I’ve had people see how “easy” my horses’ lives seem, and make comments like: “How could they possibly have stress?” or “What on earth could they have to complain about?” It strikes the same chord in me when people assess other people’s lives as “easy,” and therefore make judgments about the difficulty or validity of their problems. None of us knows what kind of challenges or pain anyone else may be grappling with at any given moment. Many people, and horses, put on a brave face and a tough exterior, not wanting to appear vulnerable. Yet it is precisely the willingness to be vulnerable that opens up pathways for compassion, empathy, connection and trust.


In my current conversations with Taj, I am searching for ways to earn her trust in situations where she is particularly triggered and defensive, such as putting on a saddle or asking her to stop cribbing.
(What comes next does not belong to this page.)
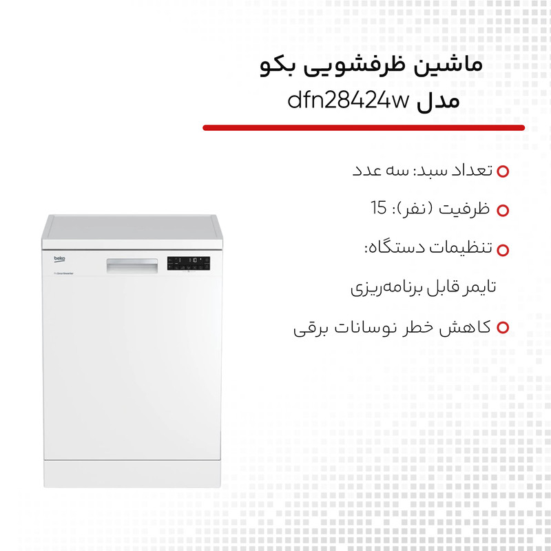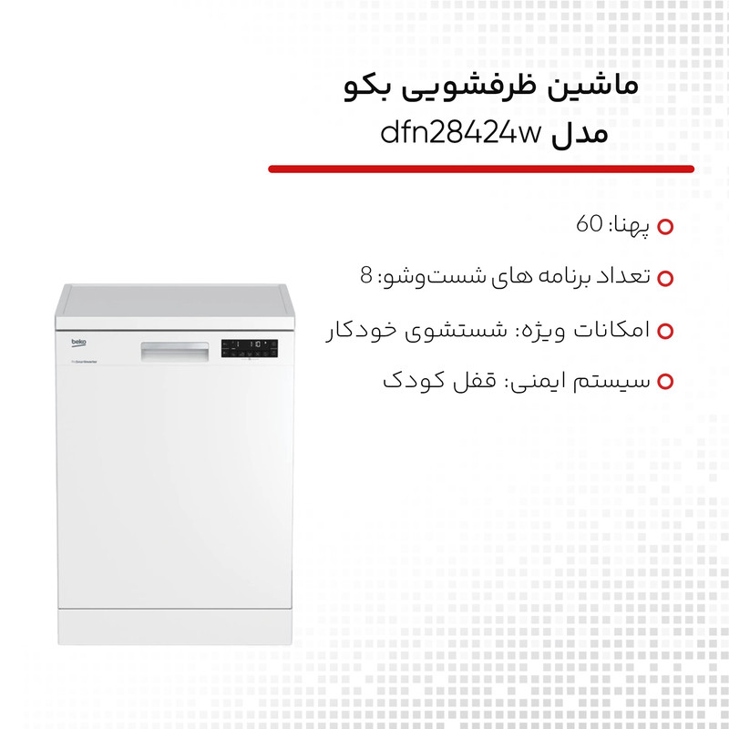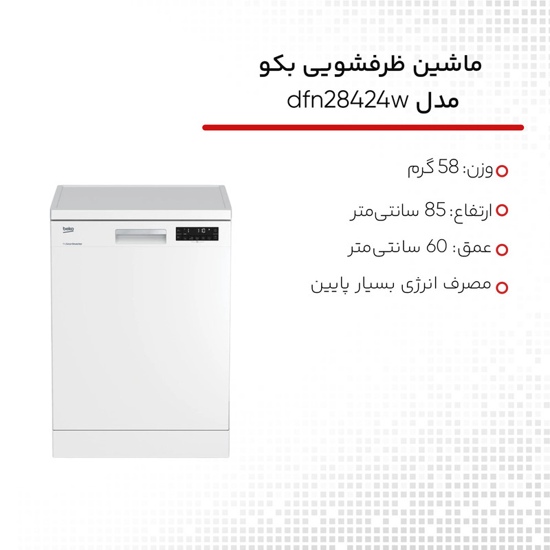 ماشین ظرفشویی بکو 28424 دارای رنگ سفید و طراحی منحصر به فرد است. بکو ماشین ظرفشویی DFN28424 W را با علاوه بر طراحی زیبا بلکه با کاربری و کارایی فوق العاده ای در اختیار کاربران قرار داده است. در این ماشین ظرفشویی ظرفیت 15 نفره است و می توان ظرف هایی که به طور معمول تعداد 15 نفر استفاده می کنند را با آن شستشو داد. موتور این ماشین ظرفشویی بکو از نوع گیربکسی پرو اسمارت است که میزان صدای کم و سنسور های مختلف از ویژگی بارز آن است. تعداد برنامه های آن 8 عدد بوده و می تواند برای هر نوع ظروفی مورد استفاده قرار گیرد. رده انرژی مصرف آن A++ بوده و کارایی شستشوی آن دارای گرید A می باشد. در آن میزان صدا 43 دسیبل است که نشان می دهد این دستگاه می تواند شب موقع خواب هم ظرف ها را بدون سر وصدا شستشو دهد. داخل آن از استیل ضد زنگ ساخته شده و تعداد سبد ها و یا طبقه های آن 3 عدد می باشد. یکی از ویژگی های بارز در این ماشین ظرفشویی، ناحیه پر فشار می باشد که برای شستشوی قابلمه و یا ظروف بسیار کثیف به کار برده می شود.میتوانید این محصول را از فروشگاه اینترنتی گالریا تهیه کنید

It usually boils down to acceptance and patience. I need to show up, meet her wherever she is, and continue to gently make suggestions. There is not a lot of room for an agenda in this scenario. There is a need to make for room for outcomes different from what we originally envisioned – to let ourselves be surprised by what can be created in the space we open with our efforts.

There is also room for goals and for dreams. In my view, the goals I set are the specific changes I want to make or activities I want to be able to do together. The dreams are the heart-and-soul-felt visions and desires I have for our experiences and broad accomplishments together. In the most recent inquiry I took to the horses, Taj jumped at the opportunity to help. At its core, the question was about how to stay true to one’s dreams. Life throws at us a barrage of distractions, derailments and stumbling blocks. How do we stay the course, through it all?

As I stood with Taj in the round pen, my hand lightly near her heart, I realized that she embodies my dream of reaching thousands, no, hundreds of thousands of people and horses around the world, engaging them in a new way of seeing and being with horses… and a new way of seeing and being with each other. Horses are a gateway to the soul. The health of one’s spirit is an essential piece of the quest for feeling good. So how do we stay the course? First, we must be sure to identify our dreams, our true heartfelt longings and callings. Second, we must cultivate confidence in believing we can live those dreams – the confidence that we are strong enough, smart enough, good enough to live into what we long for and what we are called to do.

And then, we keep showing up for our lives, meeting each moment wherever we are, continuing to gently make suggestions.